Ron Raçi

Personal information
- Date of birth: 18 September 2002 (age 24)
- Place of birth: Pristina, Kosovo (under UN administration)
- Height: 1.89 m (6 ft 2 in)
- Position: Centre-back

Team information
- Current team: Hajduk Split
- Number: 14

Youth career
- 0000: Prishtina
- 0000–2020: Ramiz Sadiku

Senior career*
- Years: Team / Apps / (Gls)
- 2020–2022: Besa Pejë / 7 / (0)
- 2022–2023: Trepça '89 / 2 / (0)
- 2023–2024: Ramiz Sadiku
- 2024–2025: Prishtina / 27 / (2)
- 2025–: Hajduk Split / 21 / (0)

International career^{‡}
- 2025–: Kosovo / 4 / (0)

= Ron Raçi =

Kosovan footballer

Ron Raçi (born 18 September 2002) is a Kosovan professional footballer who plays as a centre-back for Croatian club Hajduk Split and the Kosovo national team.

==Club career==
===Early career in Kosovo===
On 18 September 2020, Raçi joined Kosovo Superleague club Besa Pejë.
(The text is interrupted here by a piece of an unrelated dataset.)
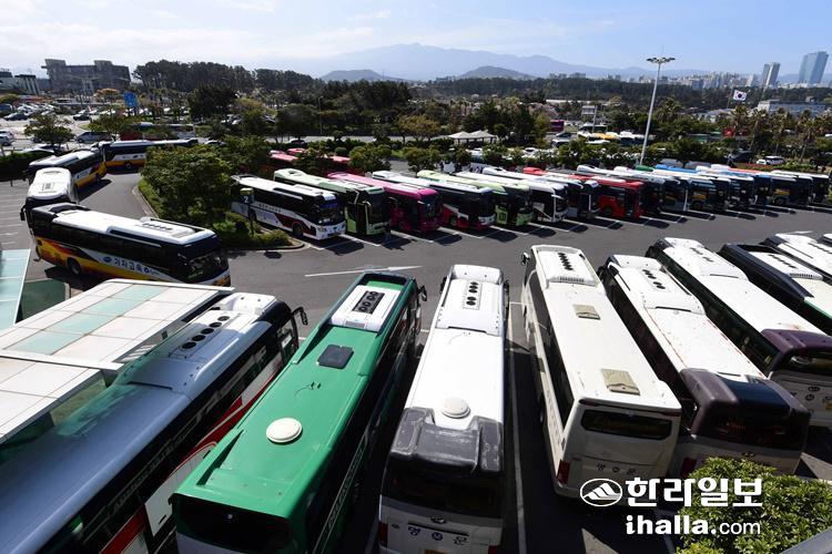 제주국제공항 주차장 내 전세버스. 한라일보DB

The next day, he was named as a Besa Pejë substitute for the first time in a Kosovo Superleague match against Ballkani. His debut with Besa Pejë came on 17 October against Prishtina after being named in the starting line-up.
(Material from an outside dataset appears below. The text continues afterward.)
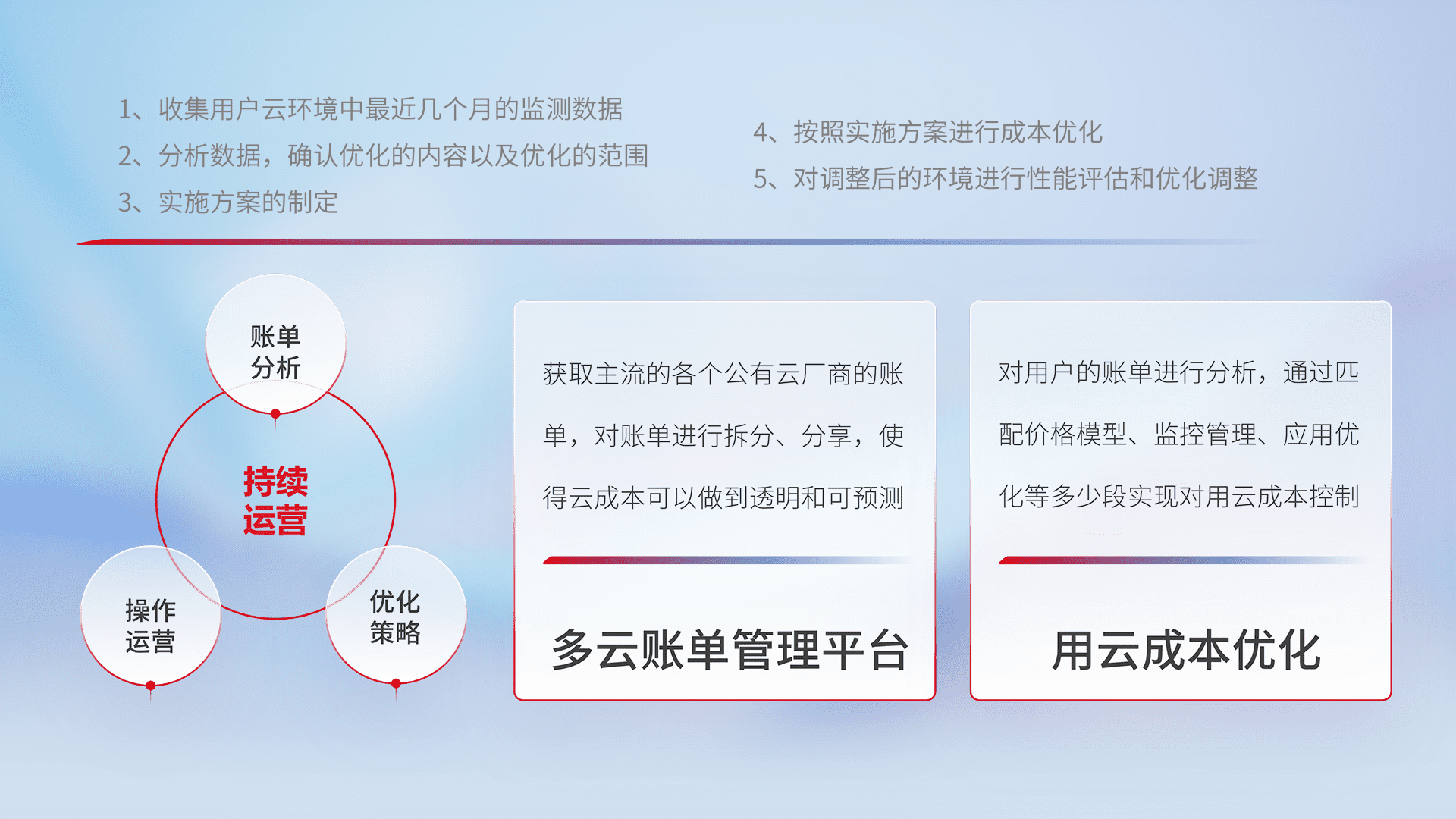 通过多云纳管,,,,以统一的资源数据模型把客户的云资源进行抽象和封装,,进而实现对多云资源的统一操作,,保障云资源管理的可靠性、、稳定性与可用性。。。。量身定制化运维内容,,配置、、、开发运维、、、补丁管理、、备份、、、监控、、认证和访问管理、、、审计和日常巡检等,,,保障在用云过程中的可靠度,,,,稳定度以及高可用率。。

On 11 August 2022, Raçi signed a three-year contract with Kosovo Superleague club Trepça '89. Nine days later, he was named as a Trepça '89 substitute for the first time in a Kosovo Superleague match against Llapi. On 27 August, Raçi debuted against Gjilani, coming on as a substitute at the 68th minute to replace Ardian Muja. In January 2023, he joined Kosovo First League club Ramiz Sadiku. Following his amazing performances with Ramiz Sadiku at the end of the 2022–23 season, Raçi's contract was extended for another year.
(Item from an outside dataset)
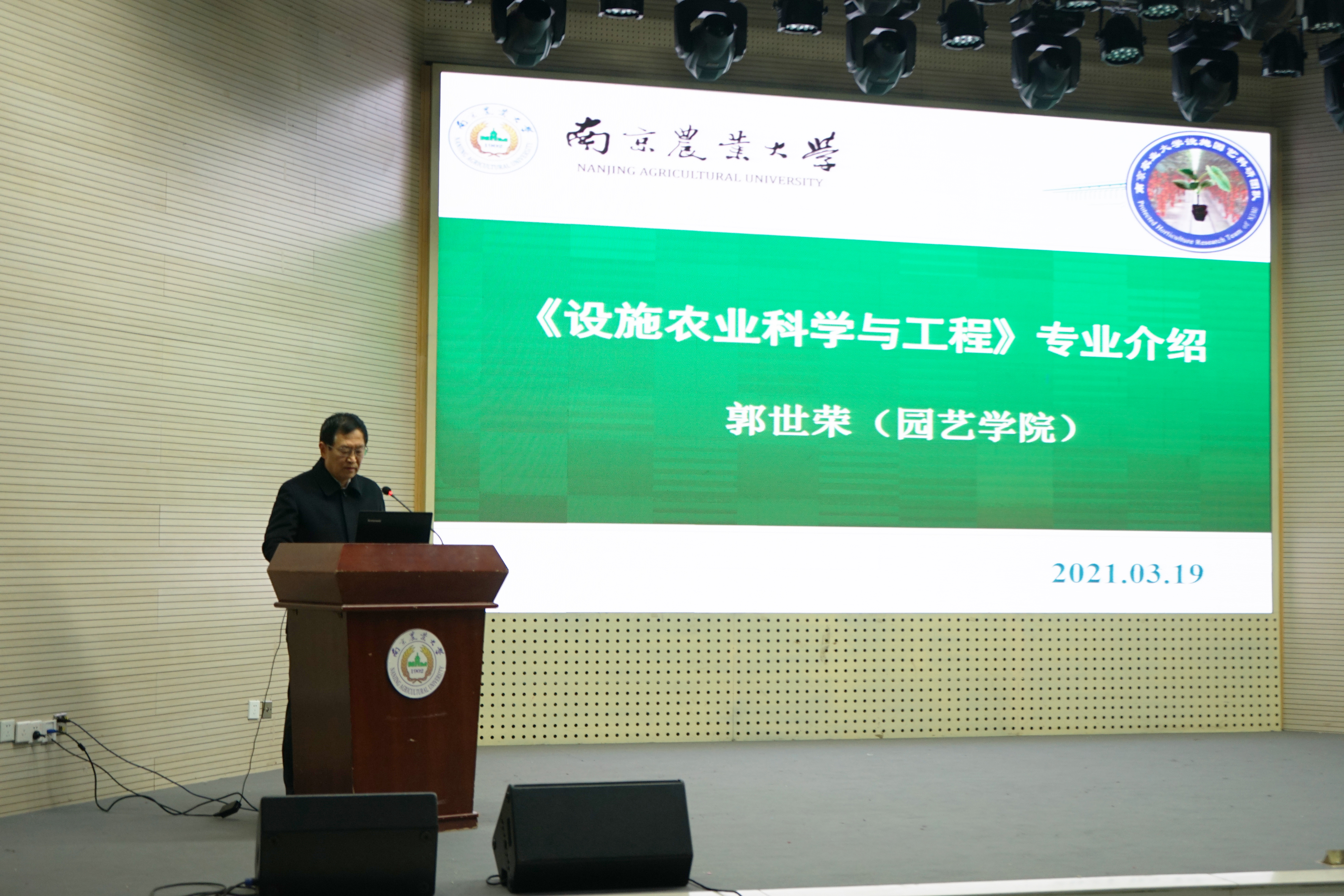 紧接着郭世荣上台,他首先解答了学生们对于设施专业内涵的疑惑:设施农业是借助于人工保护设施来生产农产品的农业生产方式。接着他分别从专业特色、专业重要性、专业实力,毕业生基本情况四个方面进行介绍,强调要培养和增强学生现代农业和高效农业的意识,树立优质、高效、绿色的基本理念。

On 14 July 2024, Raçi joined Kosovo Superleague club Prishtina. One month later, he was named in a Kosovo Superleague match against Suhareka as a substitute. However, Raçi debuted for the club on 19 October against Malisheva as a starter, whilst scoring his first goal during a 3–1 away victory.

===Hajduk Split===
On 26 July 2025, Raçi signed a four-year contract with Croatian Football League club Hajduk Split and received squad number 14.

==International career==
On 30 May 2025, Raçi received his first call-up by Kosovo for friendly matches against Armenia and Comoros. Ten days later, he debuted in a friendly match against the latter opponent as a starter.

==Honours==
- Prishtina
- Kosovar Cup: 2024–25

- Individual
- Kosovo Superleague "Star of the Week" Award: 2024–25 (Rounds 26 and 35)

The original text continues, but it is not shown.